Kathy LaTour is a breast cancer survivor, author of The Breast Cancer Companion and co-founder of CURE magazine. While cancer did not take her life, she has given it willingly to educate, empower and enlighten the newly diagnosed and those who care for them.
For caregivers, anxiety of a cancer recurrence could be worse than the patient's.
Patients with fear of recurrence (FCR) “ruminate” at times, says Laurel Northouse, a professor of nursing at the University of Michigan School of Nursing in Ann Arbor, Mich. “That is, they worry about FCR to the extent that it interferes with the quality of their day-to-day lives.”
“For caregivers, this anxiety can be worse, she says, because they don’t get firsthand information. In a population-based study of the quality of life of cancer survivors and their family caregivers, Northouse and her colleagues reported “the strongest predictors for cancer survivors’ quality of life were family stressors, social support, meaning of the illness, and employment status, whereas the strongest predictors for family caregivers’ quality of life were fear of recurrence and social support.”
Northouse says caregivers might not be included in discussions that go on during clinical appointments. As a result, they can’t get their own questions answered and have more uncertainty, which often leads to higher fear of recurrence.
A powerful coping tool is acceptance, Northouse says. “FCR is a normal part of the cancer experience. It is important to accept that you will have some FCR. It’s not a sign of poor coping,” she adds. “But try not to let FCR consume you. Focus on the positive things in your life.”
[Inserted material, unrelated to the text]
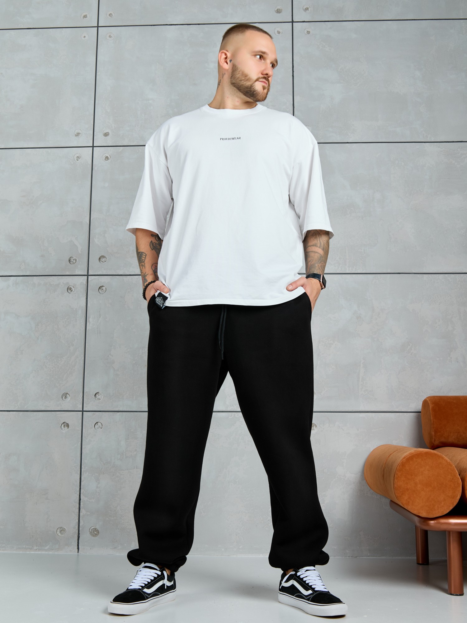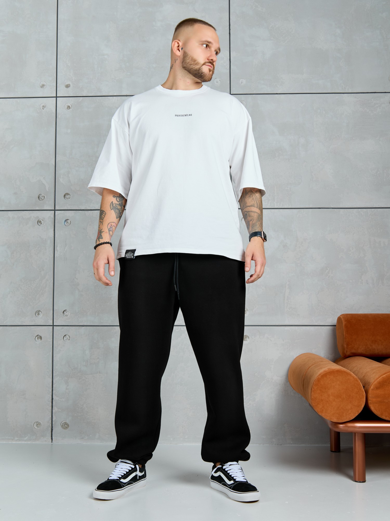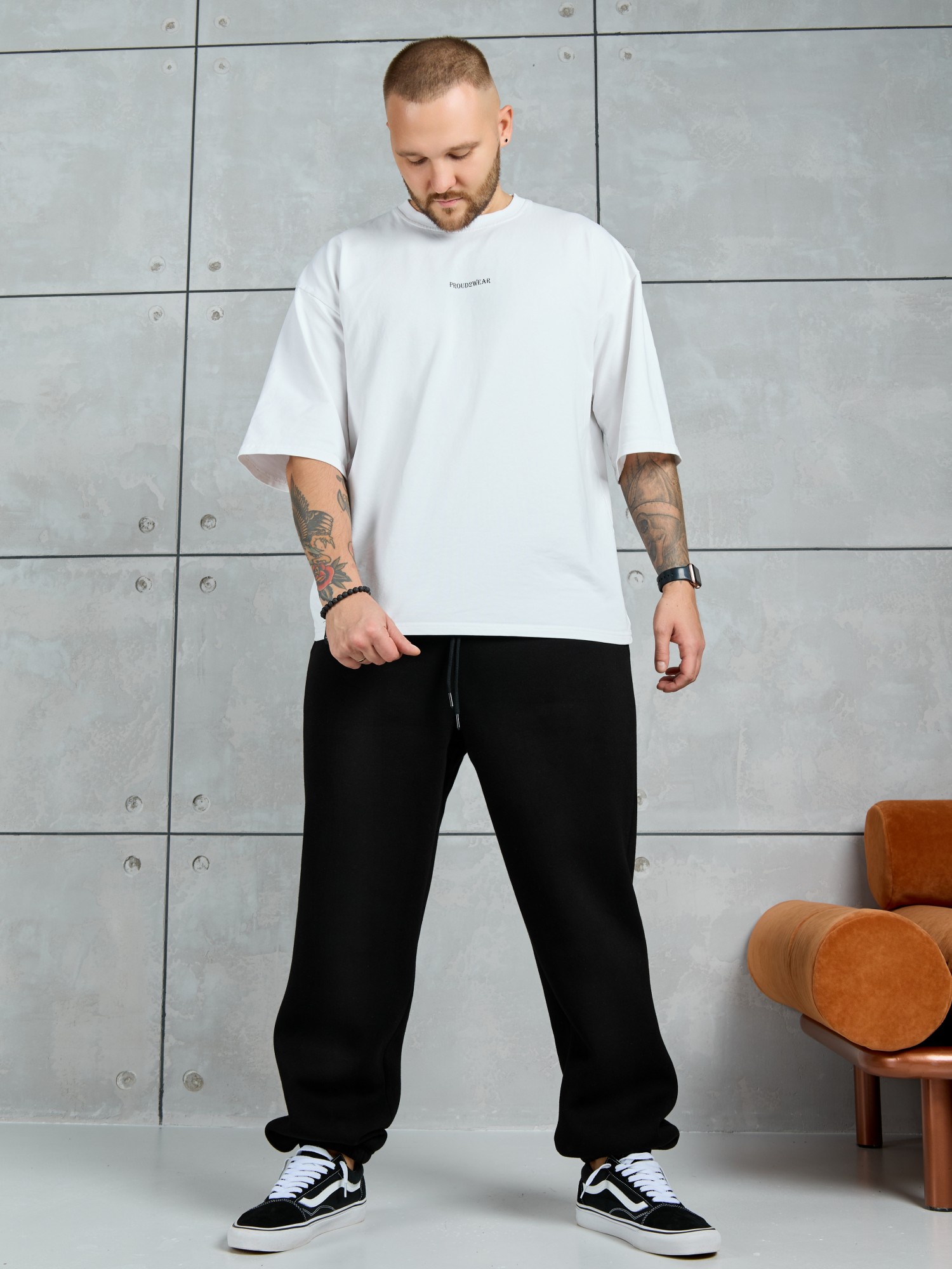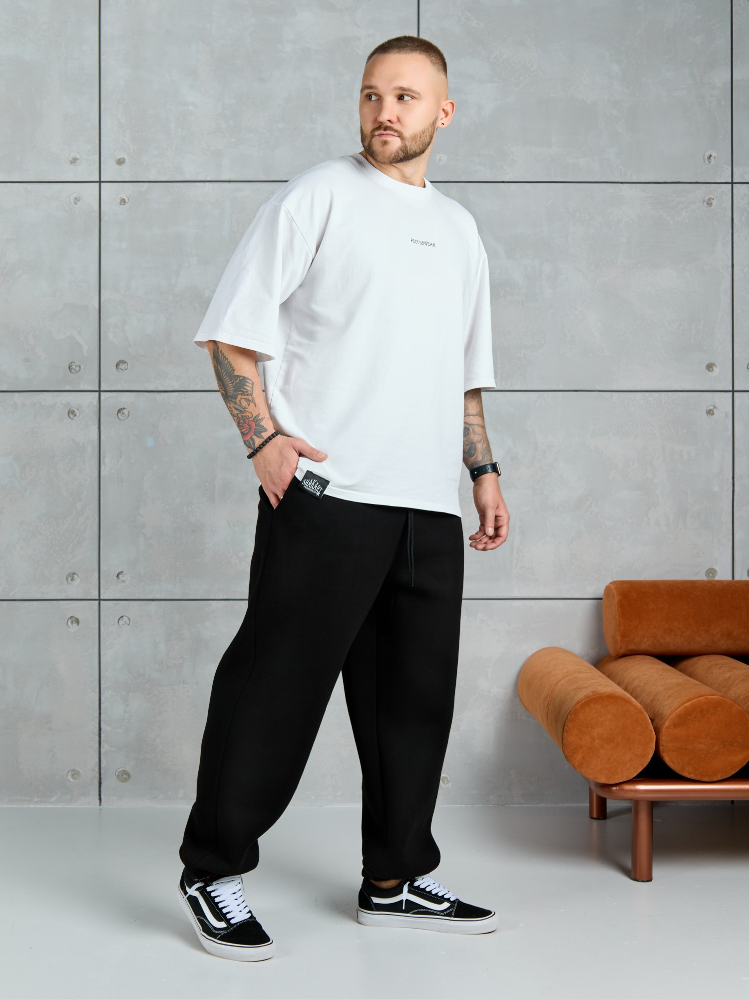 Брюки мужские из трикотажного полотна "футер-3-нитка с начесом", на притачном поясе с эластичной тесьмой внутри, с карманами в боковых швах. Нижние срезы обработаны подгибкой с эластичной тесьмой. Для регулирования степени прилегания изделия по линии талии предусмотрен декоративный шнурок, вставленный в пояс и продетый через две обметанные петли в центре.
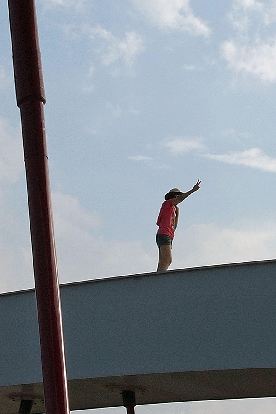 ねっ女の子がアーチを歩いているでしょ? さらにアップをするとピースサインをしている(⑦)。

Three-way communication can also be helpful. When caregivers are included in clinic visits, it facilitates communication between the patient, caregiver and health professional. When everyone is on the same page, it can reduce caregiver and patient uncertainty.
“It is helpful when families can find a new meaning in the illness,” Northouse says. “If people can reframe the cancer as something that can have positive effects for them, it brings the family closer and it increases the family’s ability to cope. And don’t ruminate about it. Try to break the cycle of thinking about it constantly. Try planning something fun for a few hours.”